=== Problem to solve ===
Once the pictures are removed, reproduce what is left of the data below exactly.

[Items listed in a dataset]
[Start of Attachment]

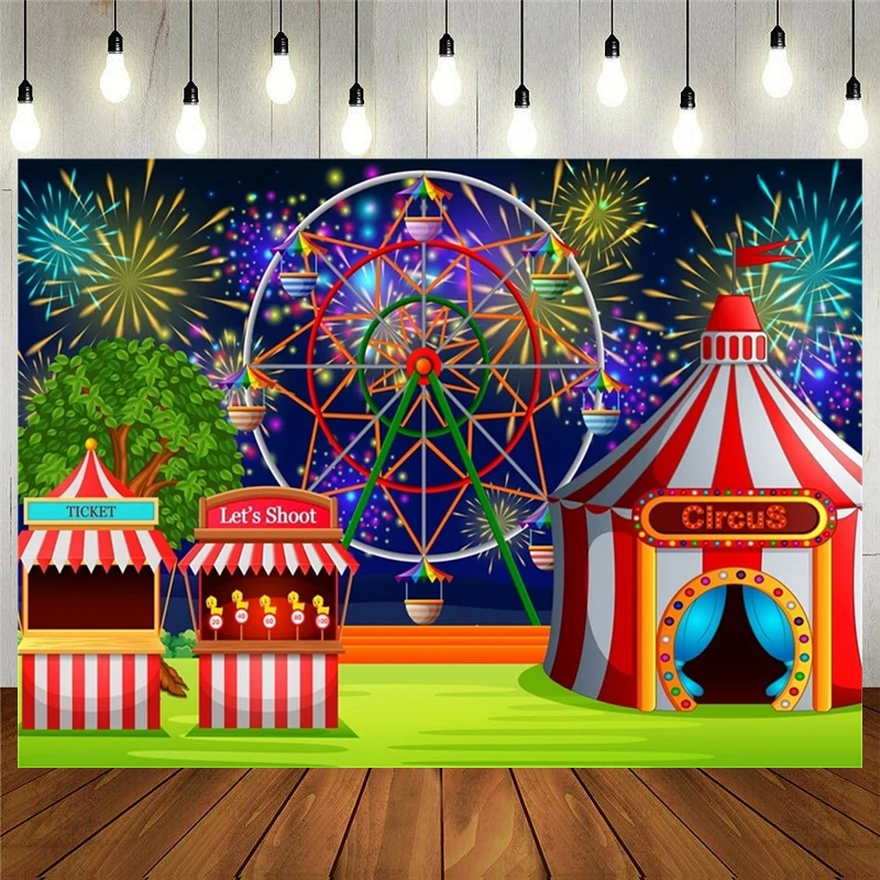 Фон для детской фотосъемки с изображением ярмарки цирка, мультяшного парка развлечений, колеса обозрения, фейерверка
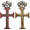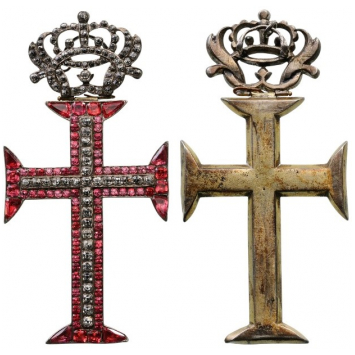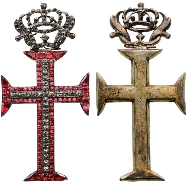 An early 19th Century Badge of the Order: Gilt-Silver cross, set with rose-red and white pastes; smooth reverse; hinged suspension, made as a stylized, royal crown, also set with small, brilliant-cut, white stones; the reverse, with curved suspension ring (this, struck with a rabbit’s head mark).
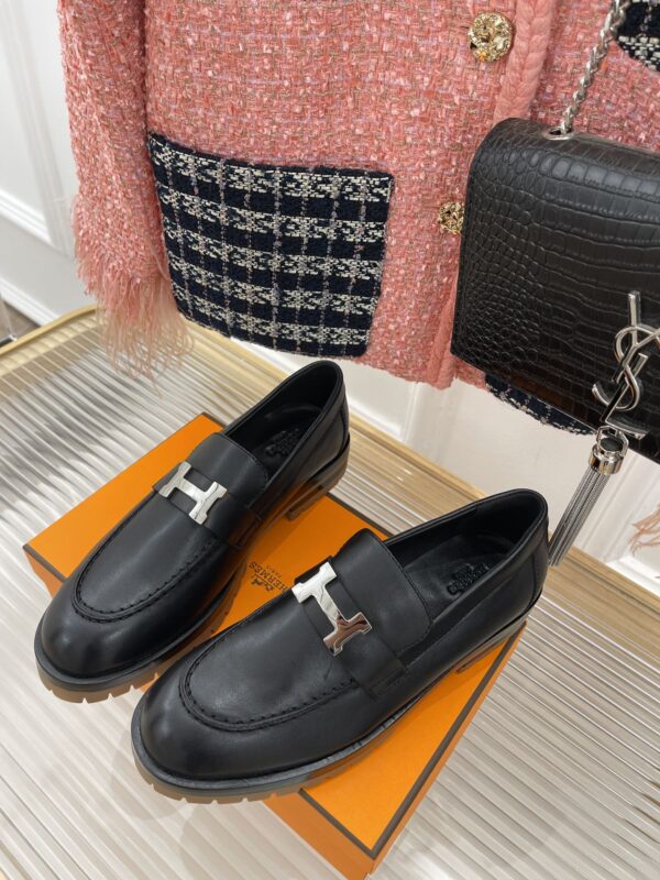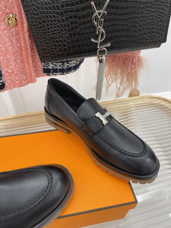 Ηermes Hermes classic autumn and winter H buckle loafers Super versatile shoe type is very delicate pedicure type Good-looking and exquisite, the first choice for temperamental women The color is very retro, it looks good in autumn and winter Glossy H buckle, simple and elegant, very suitable for office workers The glossy model has the feeling of a business elite👸🏼 Slightly heeled, not too sloppy or tiring The leather surface is exclusive customized sheepskin, which is consistent with the original version The H buckle is custom hardware, it will not fade and is not easy to oxidize The inside is custom-dyed mixed sheepskin according to the original version, sweat-absorbent and breathable 😉 The original consistent leather welt non-slip and durable outsole Size: 35-39 (40 customized)
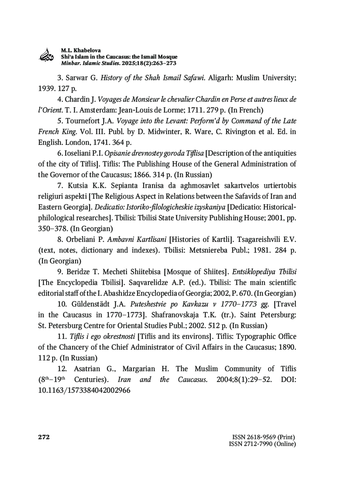 12. Asatrian G., Margarian H. The Muslim Community of Tifl is (8th-19th Centuries). Iran and the Caucasus. 2004;8(1):29-52. https://doi.org/10.1163/1573384042002966
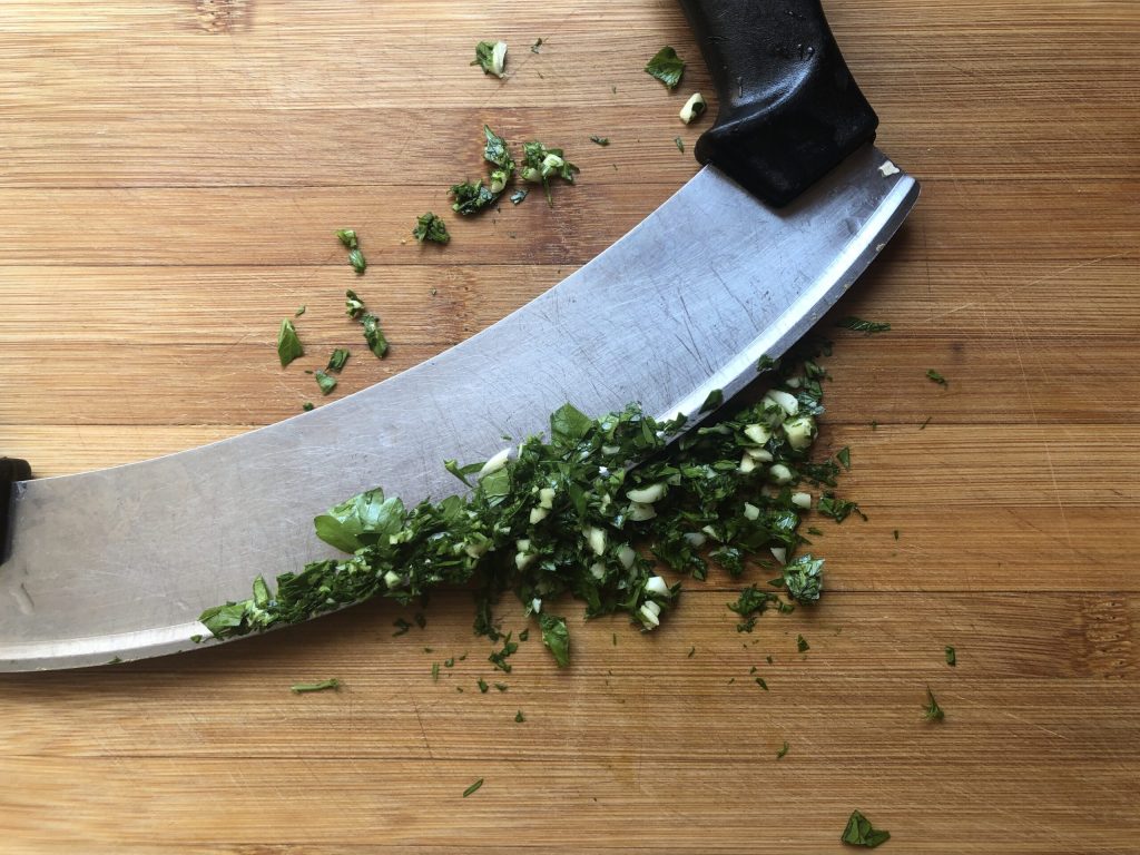 Lavar las hojas de perejil y picarlas junto con el diente de ajo pelado y sin el germen central.

[End of Attachment]

=== Expected output ===
 Фон для детской фотосъемки с изображением ярмарки цирка, мультяшного парка развлечений, колеса обозрения, фейерверка
 An early 19th Century Badge of the Order: Gilt-Silver cross, set with rose-red and white pastes; smooth reverse; hinged suspension, made as a stylized, royal crown, also set with small, brilliant-cut, white stones; the reverse, with curved suspension ring (this, struck with a rabbit’s head mark).
 Ηermes Hermes classic autumn and winter H buckle loafers Super versatile shoe type is very delicate pedicure type Good-looking and exquisite, the first choice for temperamental women The color is very retro, it looks good in autumn and winter Glossy H buckle, simple and elegant, very suitable for office workers The glossy model has the feeling of a business elite👸🏼 Slightly heeled, not too sloppy or tiring The leather surface is exclusive customized sheepskin, which is consistent with the original version The H buckle is custom hardware, it will not fade and is not easy to oxidize The inside is custom-dyed mixed sheepskin according to the original version, sweat-absorbent and breathable 😉 The original consistent leather welt non-slip and durable outsole Size: 35-39 (40 customized)
 12. Asatrian G., Margarian H. The Muslim Community of Tifl is (8th-19th Centuries). Iran and the Caucasus. 2004;8(1):29-52. https://doi.org/10.1163/1573384042002966
 Lavar las hojas de perejil y picarlas junto con el diente de ajo pelado y sin el germen central.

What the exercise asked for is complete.